Sidi Ouassay is a small town and rural commune in Chtouka-Aït Baha Province of the Souss-Massa region of Morocco. At the time of the 2024 census, the commune had a total population of 9,939 people living in 2,748 households. Sidi Ouassay is located 3 km (1.9 mi) south of the coastal village of Sidi R'bat.

== Demographics ==
In 2024, the commune had a total population of 9,939 people living in 2,748 households.
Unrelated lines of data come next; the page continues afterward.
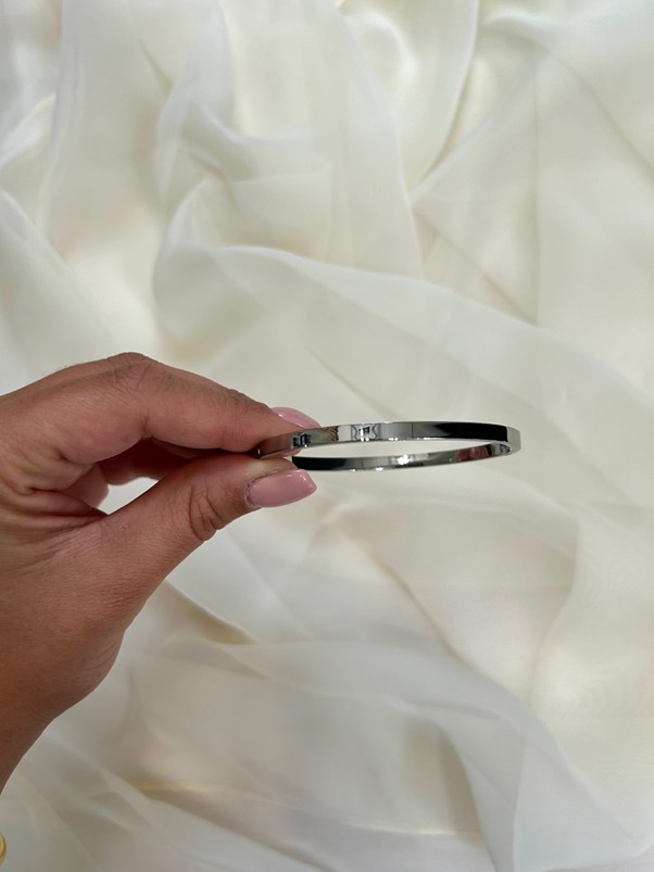 Xειροπέδα από ανοξείδωτο ατσάλι, με τετραγωνισμένα τελειώματα και γεωμετρική αισθητική.  Η χειροπέδα διαθέτει διακριτικό σπαστό μηχανισμό.
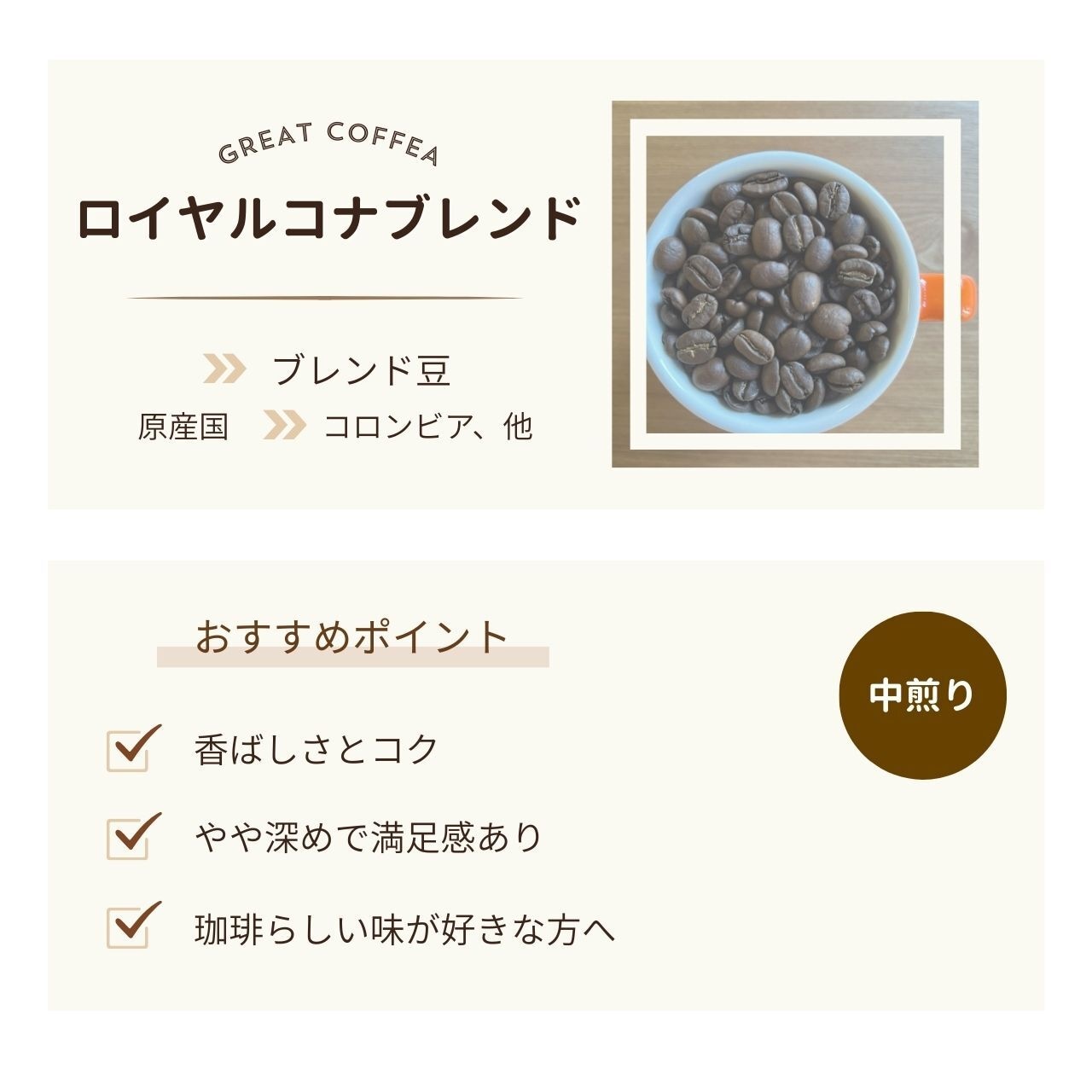 香ばしさとコクをしっかり楽しめる、やや深めのブレンド。
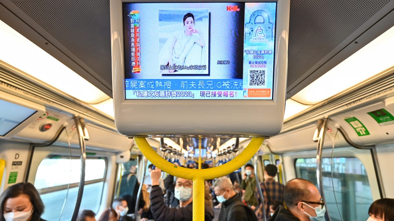 People watch a screen on a Hong Kong train showing news about model and influencer Abby Choi, whose partial remains were found by the police at a house. (Photo by PETER PARKS/AFP via Getty Images)
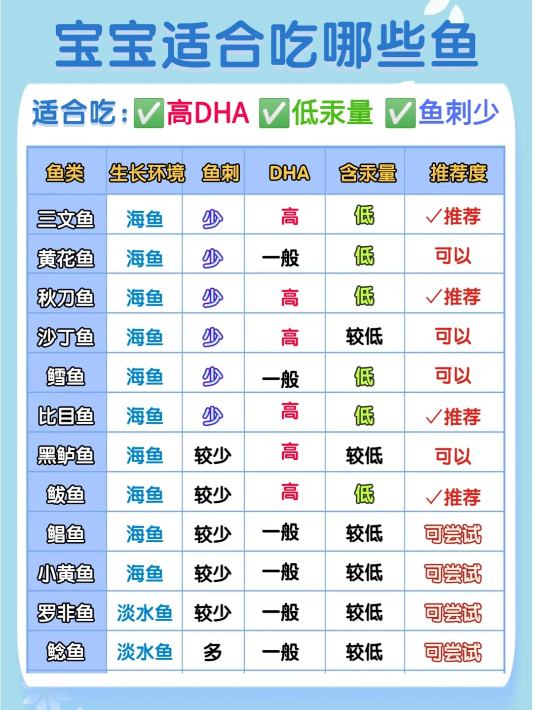 三文鱼、鳕鱼、龙利鱼等低汞、刺少的鱼适合宝宝吃

Females constituted 48.1% of the population. 78.6% of the population reported Amazigh (Berber) as their mother tongue, while Arabic was 20.8%. 42.2% were employed, with employment among men being 71% and women only 11.1%.

== Economy ==
In 2024, 42.2% of the population over 15 years of age were employed, with employment among men being 71% and women only 11.1%. 16% of males and 21.7% of females received unemployment benefits. A very small number of men ran businesses, while most workers were self-employed or salaried (refer to the accompanying table of employment). A significant number of women did domestic work.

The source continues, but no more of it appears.